Zwei Ströme, ein Weg
Eine kleine Zeitreise: Eine Fahrradtour entlang der Moldau und der Elbe von Prag nach Dresden bringt vor allem Ruhe abseits des Großstadttrubels.
Das Kopfsteinpflaster ist brutal. Dicke Steine, große Lücken – ein paar Meter vom Prager Bahnhof entfernt wird deutlich, dass Tschechien kein Radfahrerland ist. Zumindest nicht die Hauptstadt mit ihren breiten Straßen, teils heftigen Steigungen und einer Verkehrsdichte, die an Linz im Stau erinnert. Mitten durch dieses urbane Labyrinth führt die Route auf dem parallel zur aufgestauten Moldau führenden Radweg mit der Nummer A2. Das Gewusel der Goldenen Stadt weicht nach wenigen Kilometern einer ländlichen Idylle. Mit dem satten Grün setzt auch das Vogelgezwitscher ein, das Radfahrer ab nun ständig begleitet. Amseln, Finken und all die anderen Singvögel quatschen von früh bis spät links und rechts des Weges, unaufhörlich. Ein Konzert, nicht nur für Ornithologen.

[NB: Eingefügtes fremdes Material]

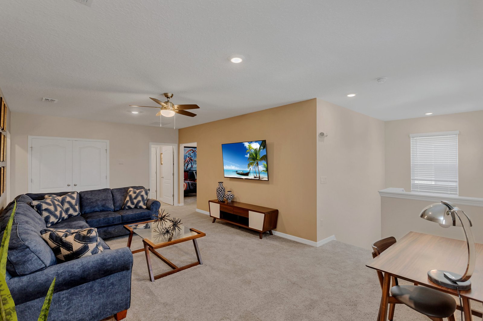 Discover the splendor of our 7-bedroom, 5.5-bathroom haven, thoughtfully crafted to provide families with unparalleled comfort. Situated within the exclusive gated Solterra Resort in Davenport, our villa grants access to an array of exceptional amenities, designed to cater to the needs of families.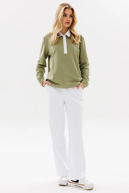 Лонгслив с воротником и застежкой поло: свободный крой; воротник и застежка поло с пуговицами; вышивка-логотип на левой стороне переда.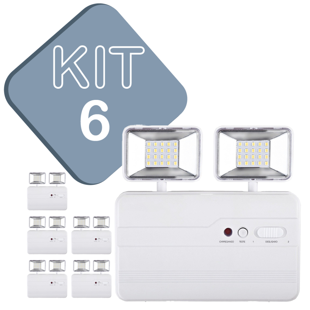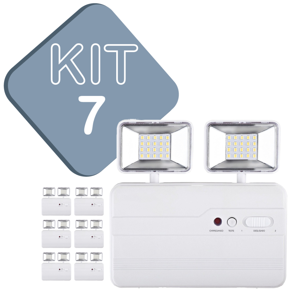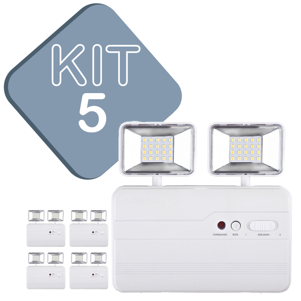 Kit5/6/7 Luminária de Emergência LED PRO 20W com 2 Farol 40 LEDS Luz Branco Frio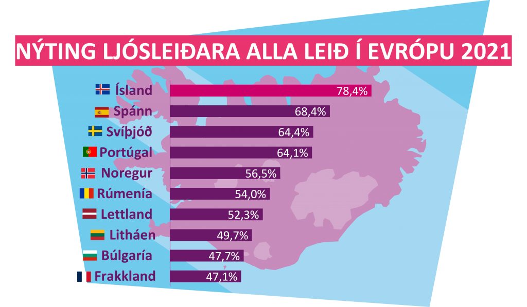 Ísland heldur toppsæti sínu sem það Evrópuland þar sem hæst hlutfall heimila nýtir sér ljósleiðaratengingu til að uppfylla gagnaflutningsþörf heimilisins. Þetta var kynnt á fundi í dag þar sem Fibre to the Home Council Europe kynnti stöðuna í álfunni miðað við september síðastliðinn. Í skýrslunni, sem tekur mið af stöðunni í september 2021, nýttu 78,4% íslenskra heimila sér ljósleiðaratengingu. Í öðru sæti var Spánn með 68,4% nýtingu og í þriðja sæti Svíþjóð með 64,4% nýtingu.
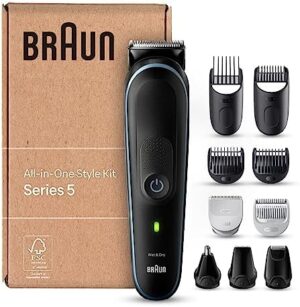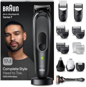 Braun Recortadora de Barba Series 7 Máquina Cortar Pelo, Cortapelos Hombre, Depiladora Corporal para Cara, Pelo, Orejas, Nariz y Cuerpo, Recargable con 100 Min Autonomía, MGK7491, Negro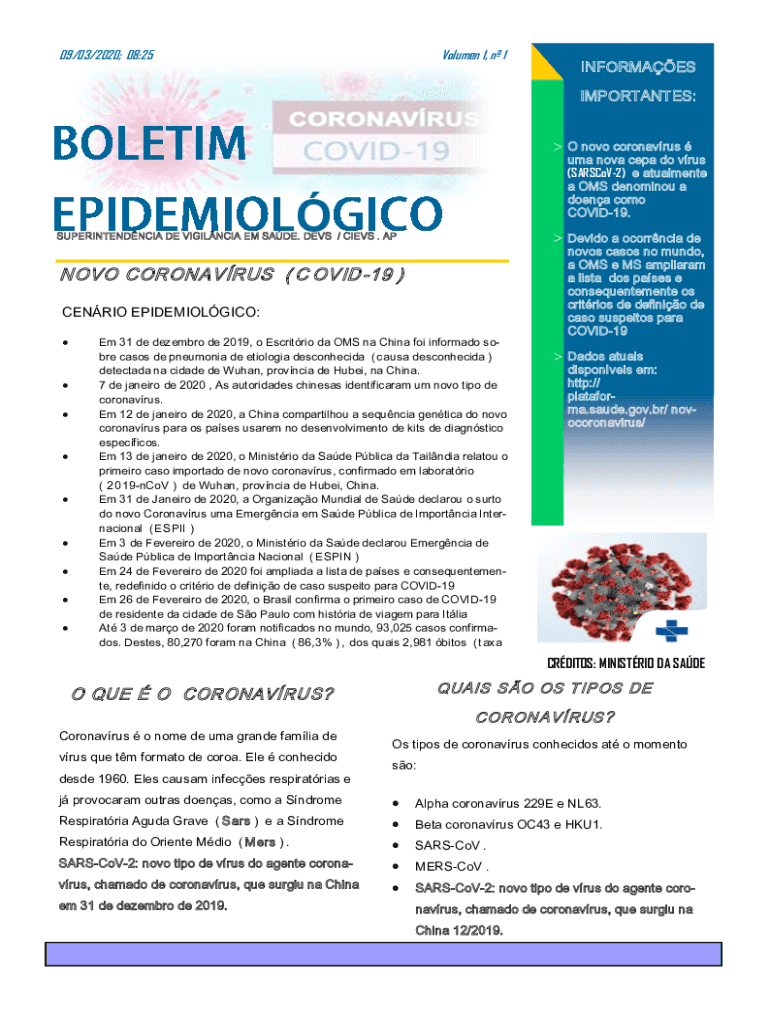 09/03/2020; 08:25Volumen 1, n 1INFORMAES IMPORTANT ES: O Nova coronavirus UMA nova CEPA do virus (SARSCoV2) e atualmente an OMS denominator a Donna Como COVID-19. Devi does a Florencia deSUPERINTENDNCIA

Mit Gegenverkehr auf dem perfekt asphaltierten Moldau-Radweg muss gerechnet werden: Viele Skater düsen mit hohem Tempo dahin. Radfahrer? Fehlanzeige!
Vorbei am Prager Zoo und an einer künstlichen Wildwasserstrecke für Kanuten steht die erste Klettertour an. Mehr als 100 Höhenmeter müssen vor Rez erklommen werden. Der Radweg entlang der Moldau ist unterbrochen und für die Durchfahrt gesperrt. Bleibt nur der 12-Prozent-Anstieg.
Als Belohnung führt die Abfahrt durch einen wunderschönen Wald, ein paar Kilometer weiter, gegenüber von Nelahozeves, beschränkt sich die Route auf einen romantischen Trampelpfad direkt neben dem Strom mit faszinierenden Felsformationen.
Wo sich Moldau und Elbe treffen
Die Burg des ersten Etappenzieles Melnik ist weithin sichtbar. Eine Übernachtung auf dem Plateau zahlt sich aus – auch wenn am Ende des Tages noch einmal kräftig in die Pedale getreten werden muss. Der Blick nach Süden auf den Zusammenfluss von Moldau und Elbe ist jedenfalls ein Muss auf dieser Radtour.
Die Hauptroute führt nach Litomerice, empfehlenswert ist freilich auch der Weg über Theresienstadt (Terezin). Die Wehranlage, die einst als Gestapo-Gefängnis genutzt wurde, ist gut erhalten. An mehreren Punkten wird der vielen Menschen gedacht, die im KZ Theresienstadt ermordet wurden. Ein Stopp lohnt sich, es gibt viele deutschsprachige Führungen.
Zwei Bahnlinien links und rechts der Elbe dominieren vor allem akustisch das Geschehen bis Usti (Aussig), danach geht’s gemächlich auf eigenen Radwegen Richtung Deutschland. Etliche Fähren pendeln zwischen den Ufern. Und überall erinnern Hochwassermarken an die Katastrophenjahre. Unterkunftgeber erzählen ausführlich über die Fluten, die sich über die Dörfer ergossen haben. Nach knapp 220 Kilometern steht der vorletzte Fixpunkt an: das Blaue Wunder, die markante Brücke über die Elbe. Der Endpunkt, die Frauenkirche, folgt 20 Minuten später.